Tuesday, April 8, 2025

Fighting Man by Frank Gruber

 


He was twenty-six years old, a towhead with washed out blue eyes. Schoolteacher, gambler, horse thief, camp follower, murderer and cannibal; he had been all of them.

The above is the first sentence in this 1948 novel by Mr. Gruber. That succinct matter-of-factness is peppered throughout the brief page run.

The novel follows an old storyline—the outlaw assuming the guise of a lawman.

The difference here, despite the 1948 pedigree, there is a casual violence that one might encounter in later Spaghetti Westerns or “adult” Westerns of the ‘70s.

The other difference, where often the violence in the two later examples I provided, that “modern” violence is often for grand guignol effect, inserted for the “cool” factor. Here its offhanded matter-of-factness serves us better as it seats the realities of true grimness without the need of wallowing for effect.

The difference between a hunter telling a tale and gamers swapping first-person shooter “accomplishments.”

Overall, it is a formulaic novel but an effective one.

I close with another brief offering of Mr. Gruber’s barebones violence.

A sentry stupid from illicit sleep, raised himself between two tents to see what was causing the noise that sounded like galloping horses.
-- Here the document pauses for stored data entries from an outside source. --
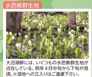
大沼湖畔には、いくつもの水鳥の生息地が点在している。例年4月中旬から下旬が見頃。※湿地への立入りはご遠慮下さい。
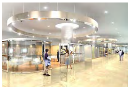
<1階大きな4つのリングが特徴的な統一天井>
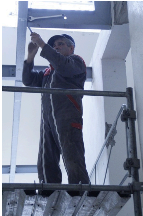
A l'autre extrémité de la poutre.
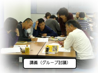
講義 (グループ討議)
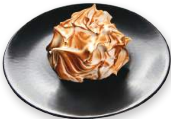
Դելիս ազնվամորիով Делис с малиной 2400
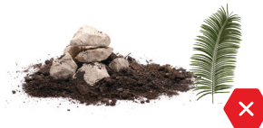
NO piedras, tierra ni hojas de palma
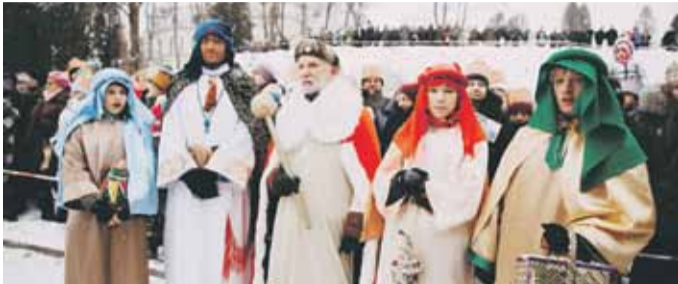
KOSINA W poszukiwaniu Dzieciątk Jezus, podczas wspólnego kolędowania, zarówno Królowie jak i uczestnicy Orszaku, podziwiali przygotowane przez aktorów inscenizacje.
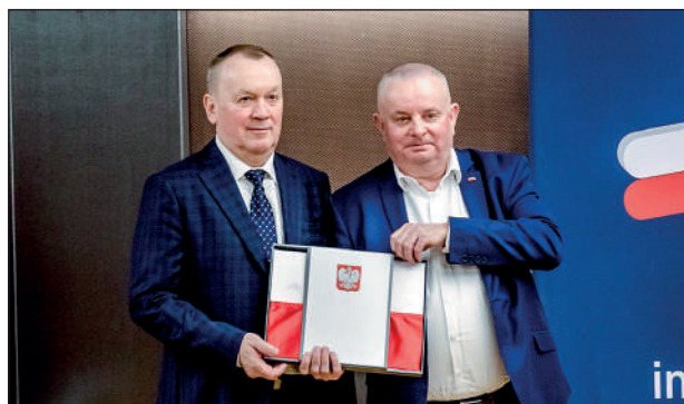
JM Rektor i Kancelarz prezentują list od Prezydenta RP Andrzeja Dudy
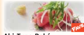
Ahi Tuna Poké アヒボケ $9
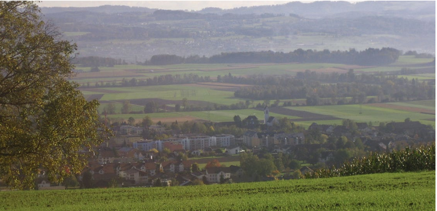
Haies et vergers marquent le paysage de Boswil (AG).
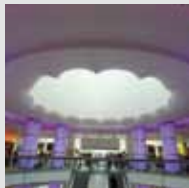
design : Metex
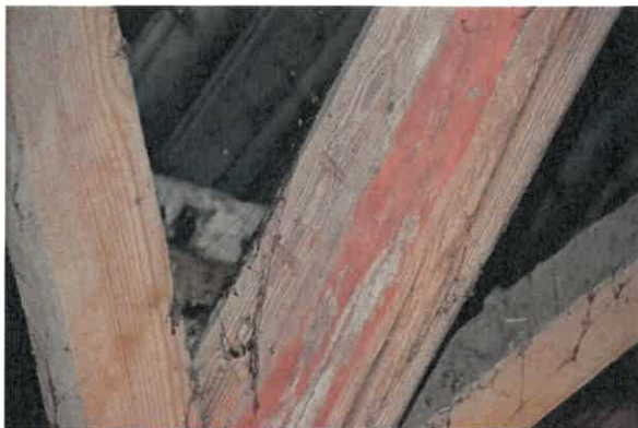
Detail spant met telmerk II in het spantbeen.
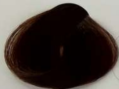
6.81 Dark Nescafe Blonde بلوند نسکافه ای تیره اشقر نسکافه تیره
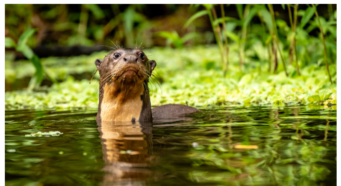
Riesenotter im Yasuni-Nationalpark
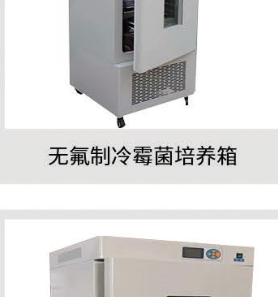
无氟制冷霉菌培养箱
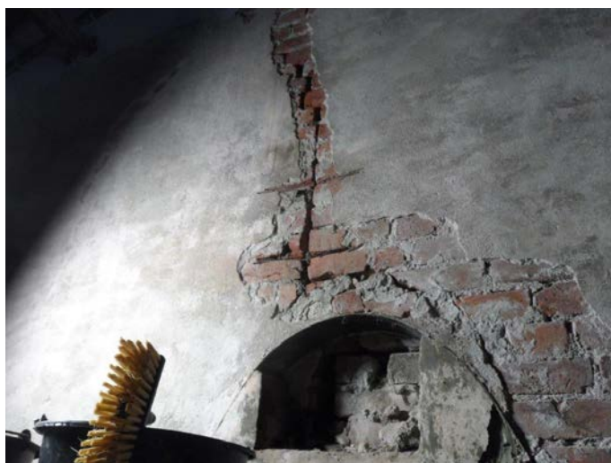
Bilde viser revne i teglsteinsvegg i Renseriet.

Museet har i 2017 ansatt murer som i tråd med antikvariske restaureringsprinsipper skal vedlikeholde alle de gamle mursteinsbygningene.

His mouth fell open in amazement—and then he died.

Says it all in two short sentences.

·        In war not all are diligent, nor all brave.

·        Some of us are prone to the realities of being a tired human.

·        Bodies need sleep.

·        This sentry slept when he shouldn’t.

·        He awakes as we all do, slow to process what is around us.

·        For that he is surprised by his end.

·        Surprised in a war zone.

·        We all sleep, we are all surprised.

·        T’is life.

·        T’is death.

Solid fare for a “mere formula Western.”